RECORDS SHOWN ::
+ + +

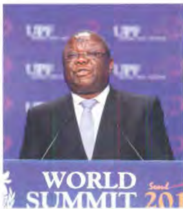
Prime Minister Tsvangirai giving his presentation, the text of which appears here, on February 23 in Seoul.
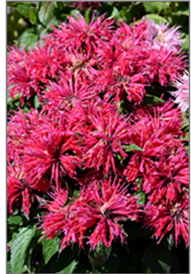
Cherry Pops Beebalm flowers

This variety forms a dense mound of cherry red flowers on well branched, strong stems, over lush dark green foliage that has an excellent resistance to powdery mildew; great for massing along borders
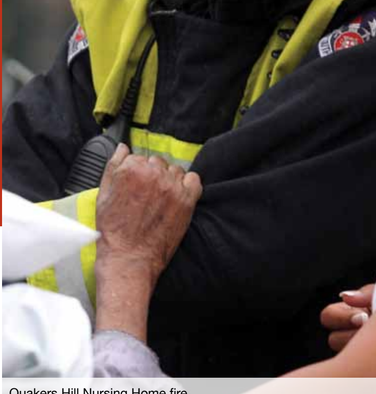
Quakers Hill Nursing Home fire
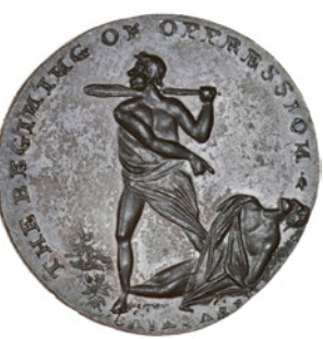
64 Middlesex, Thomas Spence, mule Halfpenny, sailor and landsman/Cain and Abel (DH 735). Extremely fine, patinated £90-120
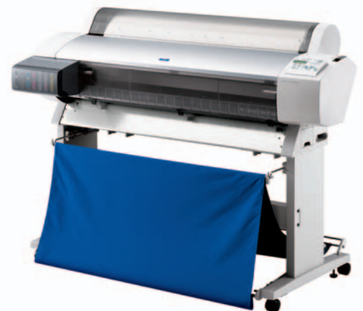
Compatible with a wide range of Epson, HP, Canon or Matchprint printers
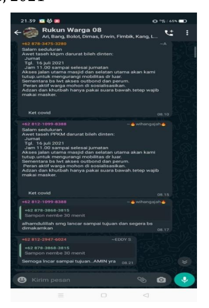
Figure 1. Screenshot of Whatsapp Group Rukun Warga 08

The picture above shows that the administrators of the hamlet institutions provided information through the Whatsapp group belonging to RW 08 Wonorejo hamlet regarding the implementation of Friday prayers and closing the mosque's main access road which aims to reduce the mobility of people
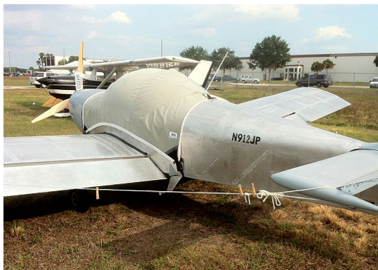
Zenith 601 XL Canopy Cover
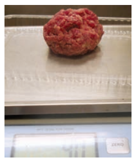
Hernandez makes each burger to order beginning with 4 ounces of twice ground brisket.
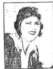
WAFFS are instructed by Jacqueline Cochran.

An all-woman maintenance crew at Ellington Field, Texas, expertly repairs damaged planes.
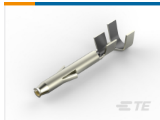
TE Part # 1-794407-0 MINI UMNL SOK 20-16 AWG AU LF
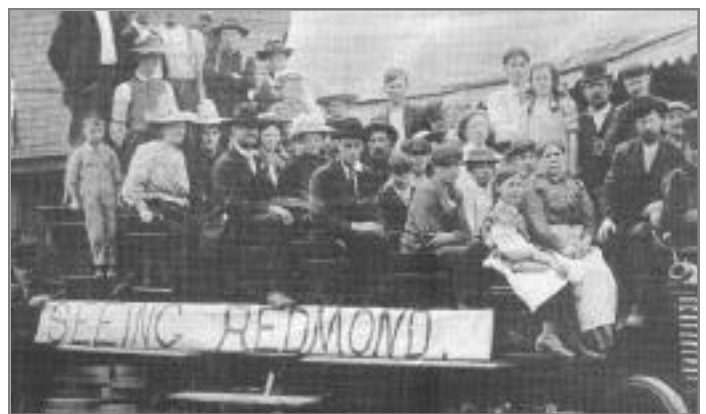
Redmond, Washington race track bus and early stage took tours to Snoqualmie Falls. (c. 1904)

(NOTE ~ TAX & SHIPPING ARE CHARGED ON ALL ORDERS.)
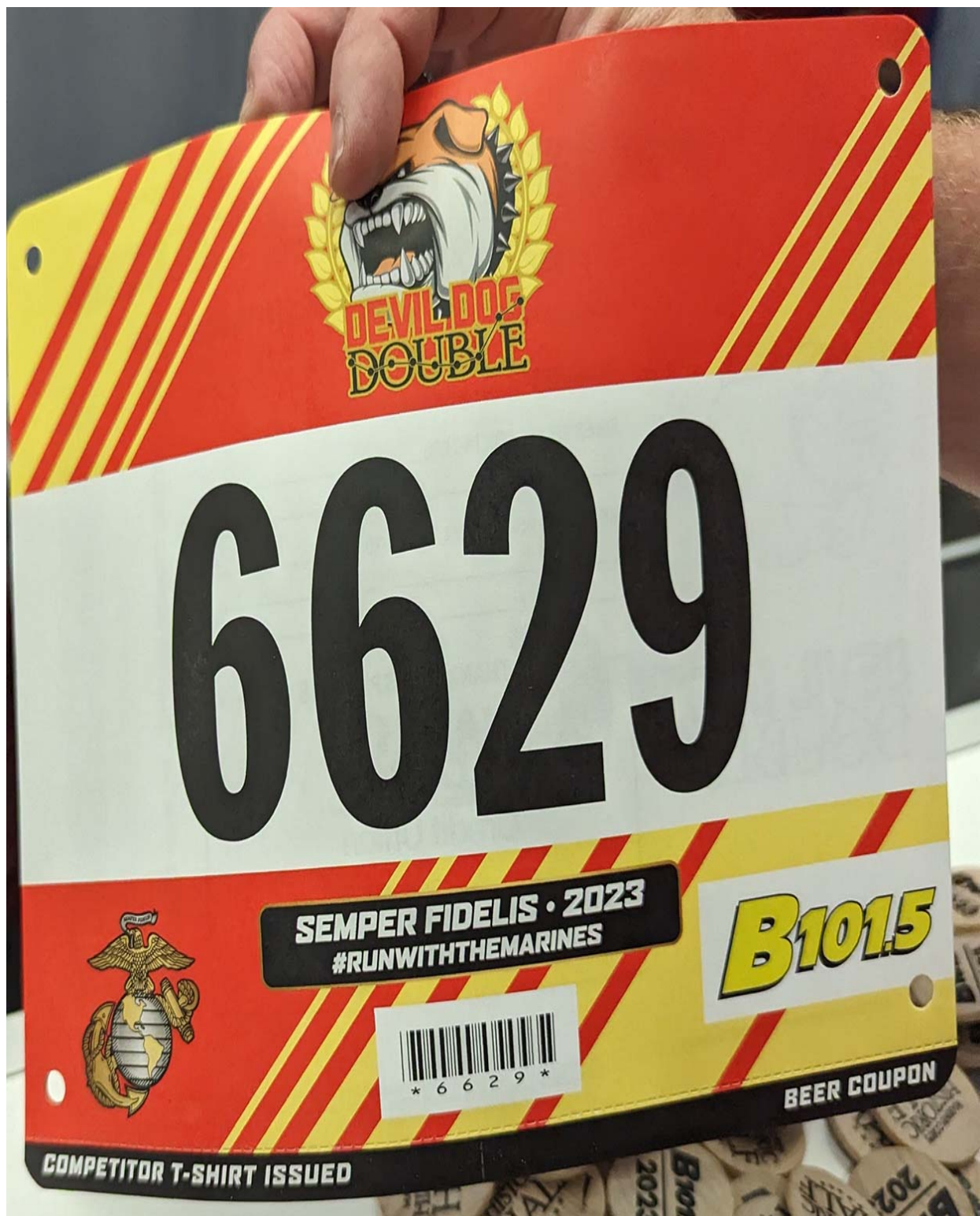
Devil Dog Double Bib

+ + +

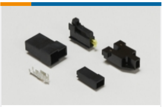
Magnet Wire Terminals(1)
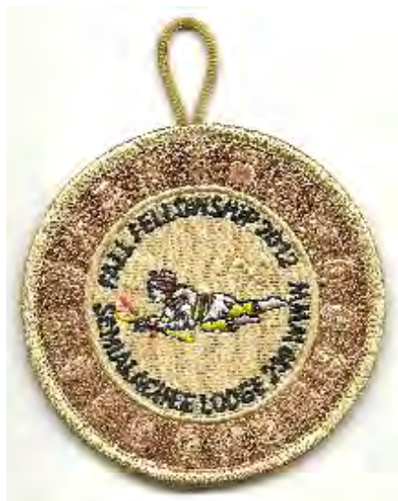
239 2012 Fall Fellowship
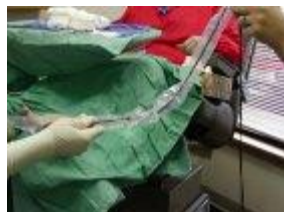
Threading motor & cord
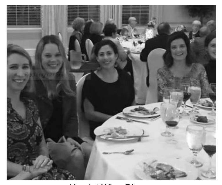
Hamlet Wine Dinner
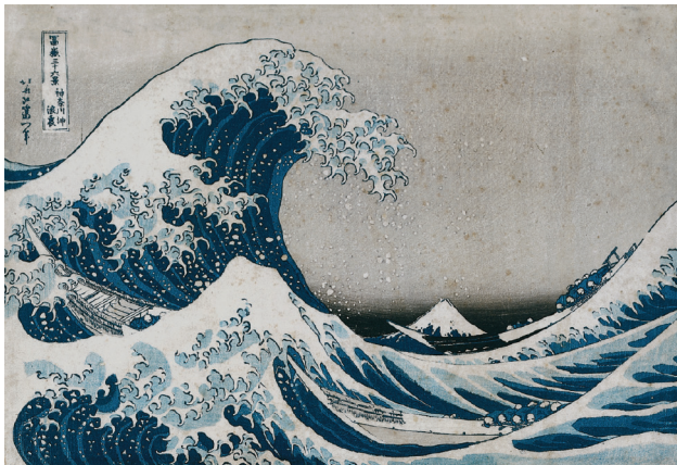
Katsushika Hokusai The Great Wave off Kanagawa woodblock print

+ + +

ABOUT THIS EXERCISE ::
Beginning at the line above that contains "239 2012 Fall Fellowship", repeat each line exactly through the one that contains "Katsushika Hokusai The", and leave out the pictures.

FINISHED EXERCISE ::
239 2012 Fall Fellowship
Threading motor & cord
Hamlet Wine Dinner
Katsushika Hokusai The Great Wave off Kanagawa woodblock print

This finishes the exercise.